One version, called a Dyson sphere, would completely enclose the star in a sphere of solar power harvesters, but the Dyson sphere idea falls prey to the same catch as the comet swarm or planetary debris ideas: infrared excess. On the other hand, if the hypothetical denizens of Tabby’s Star were channeling all that collected solar energy into, say, beaming radio signals toward Earth, there would be little to spare as infrared. “It could also be that the swarms are in a disc, and that would also produce the amount of infrared radiation that we see,” said Wright.
It’s the kind of possibility that captures the imaginations of scientists and laypeople alike, and in the year since the paper was published, Tabby’s Star has been observed by telescopes on Earth and in orbit, in every wavelength on the electromagnetic spectrum.

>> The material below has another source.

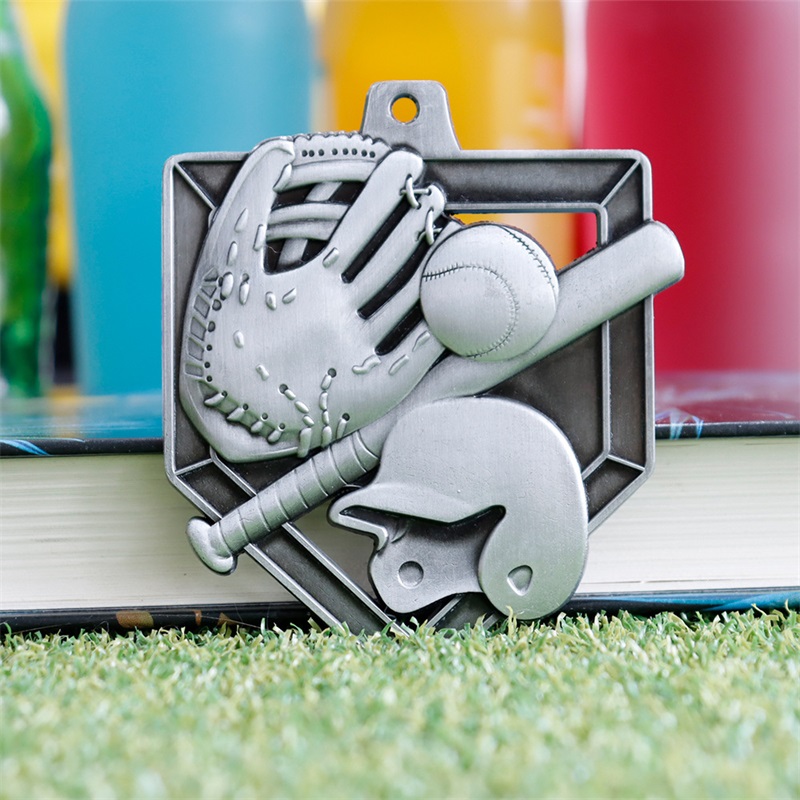 These shield-shaped baseball medals—crafted in antique gold, silver, and copper—boast sleek cut-out designs framing detailed motifs of gloves, bats, balls, and helmets. Their angular, structured form adds a bold, sporty flair, ideal for honoring athletes at baseball tournaments and elevating award ceremony presentations.

So far, none of the observations have found anything conclusive.
Breakthrough Listen
On three nights over the next two months, the team will use a new radio astronomy instrument, designed for the Breakthrough Listen initiative, to scan the dial for radio signals from Tabby’s Star. Mounted on a telescope, the Breakthrough Listen backend instrument can examine a wide spectrum of bandwidth, equivalent to billions of individual radio channels, all at the same time. That lets astronomers observe what’s going on in the radio wavelengths much more quickly than they could with older instruments.

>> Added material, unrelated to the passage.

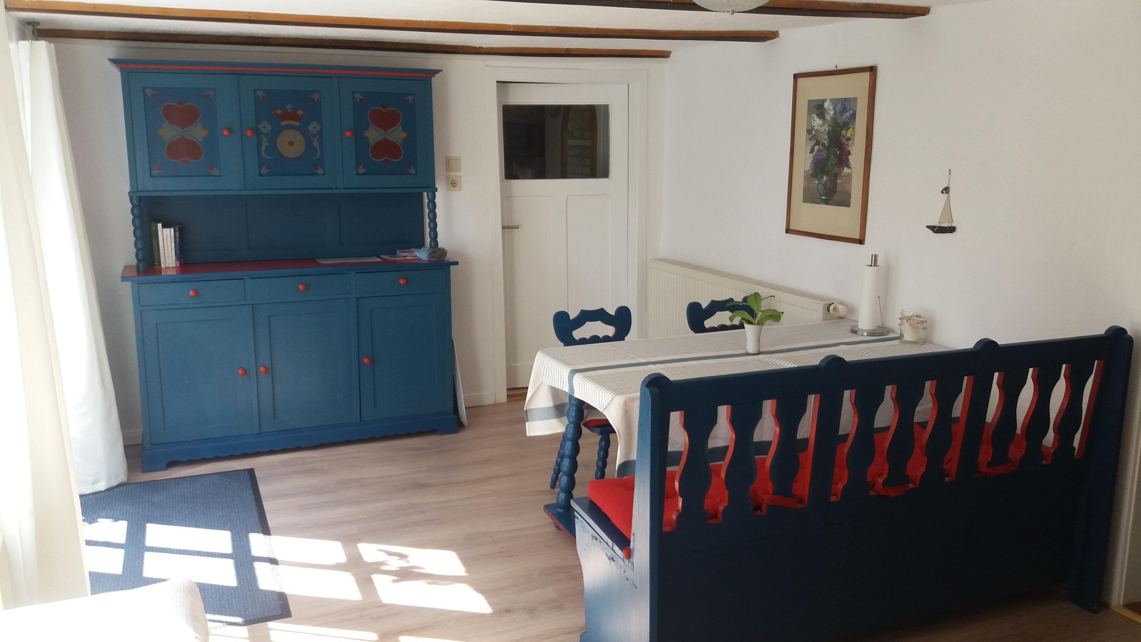 Gemütliche Ferienwohnung mit Reetdach in einem historischen Kapitänshaus nahe Strand und Radweg.

Along with Green Bank, the Breakthrough Listen initiative will use similar instruments on Australia’s Parkes telescope, for radio astronomy, and the Automated Planet Finder at California’s Lick Observatory, to search for optical laser transmissions.
Last week, the team mounted Breakthrough Listen on the Green Bank radio telescope in West Virginia. According to Breakthrough Listen co-director and Berkeley SETI director Andrew Siemion, during a live YouTube chat on October 24, “It’s absolutely our best chance to detect advanced technology that's emitting radio waves if indeed there is an advanced civilization inhabiting the area around Tabby's Star.”
Green Bank is the largest and most sensitive ground-based telescope that’s actually in a position to point at Tabby’s Star – sensitive enough to pick up a signal with about as much energy as an aircraft surveillance radar. “We would be sensitive to technology no more advanced than our own, if indeed it exists around Tabby's Star and we get lucky and it's pointed at us,” said Siemion.
In fact, the team spent part of Wednesday night detecting signals from human technology to help calibrate the instrument. “The observations of Mars last night resulted in the detection of at least one of the human spacecraft on or around Mars; the team is working to try to figure out exactly which one it is (which is not a trivial task),” wrote Croft on Thursday.
“This is a great test of our instrument, because if we can detect human technology that's an analog for what we're searching for from a distant technology, that's a good indicator that our instrument works,” said Siemion during Wednesday’s session.